# Decided to draw a Betta



## ZergyMonster (Feb 20, 2012)

I used to draw free bettas for this forum but it just took too much of my time when I needed to focus on school and work. I found some time to draw this betta. This betta is not based off anyone's betta just a generic veil tail.


----------



## Karebear13 (Jan 23, 2012)

that is so epic! love it


----------



## ZergyMonster (Feb 20, 2012)

Thank you, I always seem to make the dorsal and the eye a little off. I will get it someday.


----------



## Gracie8890 (Feb 25, 2012)

What soft where do u do this on? It looks amazing!


----------



## ZergyMonster (Feb 20, 2012)

I use Adobe Photoshop Elements 8.0 that came with a Bamboo™ tablet.


----------



## Destinystar (May 26, 2012)

Wow it almost looks 3D..love it !!!


----------



## ao (Feb 29, 2012)

just make a eyes a bit bigger and it will be perfect


----------



## ZergyMonster (Feb 20, 2012)

I had the eye bigger but then I erased it and moved it, and it managed to get smaller and I didn't try to fix it. I just need to trust my gut, I keep altering things thinking they're wrong only for them to be right in the end.


----------



## ao (Feb 29, 2012)

it happens to all of us XD it helps to take a break and then come back to it.


----------



## ZergyMonster (Feb 20, 2012)

I drew another. I like it better but I still messed up the eye.


----------



## Destinystar (May 26, 2012)

Beautiful !


----------



## lauraannq (Oct 11, 2012)

wow!


----------



## rubinthebetta (Oct 9, 2012)

You really have a talent! I like the idea of a tablet for drawing since I'm bad at drawing with a mouse (with the exception of cartoons) but don't know how I'd find one....


----------



## ZergyMonster (Feb 20, 2012)

I got mine for Christmas a few years back.

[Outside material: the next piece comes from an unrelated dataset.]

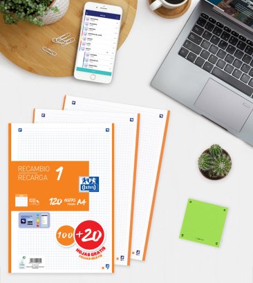 Recambio OXFORD retractilado en paquete de 120 Hojas (100+20) con 1 color de banda y 4 taladros de archivo para poder guardar las hojas en un archivador o carpeta de anillas. Ideal para quienes prefieren hojas sueltas y llevar sólo las que necesiten. Compatible con la app gratuita SCRIBZEE que permite organizar, consultar, compartir y acceder a tus notas en cualquier lugar desde tu Smartphone, tablet o PC.
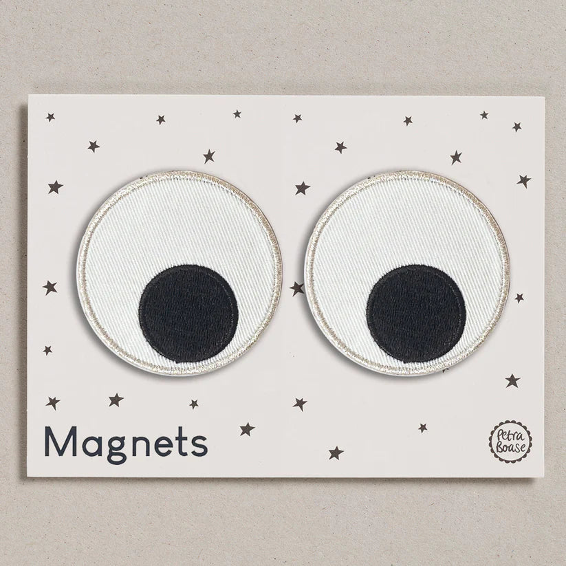 A pair of cheeky googly eye magnets to follow you around your home or office! Embroidered on white fabric edged with metallic silver stitching. Magnetic rubber backing.

The bamboo™ tablet is a good starter tablet because it doesn't come with bells and whistles but it does its job well. I'm sure you can find one on their main site www.wacom.com or find one on amazon.


----------



## littlebetalover (Oct 17, 2012)

Nice, the orange one looks like my red/orange fish Moe.


----------



## ZergyMonster (Feb 20, 2012)

Not a drawing but a painting that I made up for my fiance's sister's birthday present.


----------



## aqua001 (Jan 13, 2012)

Wow!! I love the painting! You have true talent!


----------



## ZergyMonster (Feb 20, 2012)

I just realized that I forgot to paint a dorsal fin... I always forget something. Good thing it doesn't look wrong though.


----------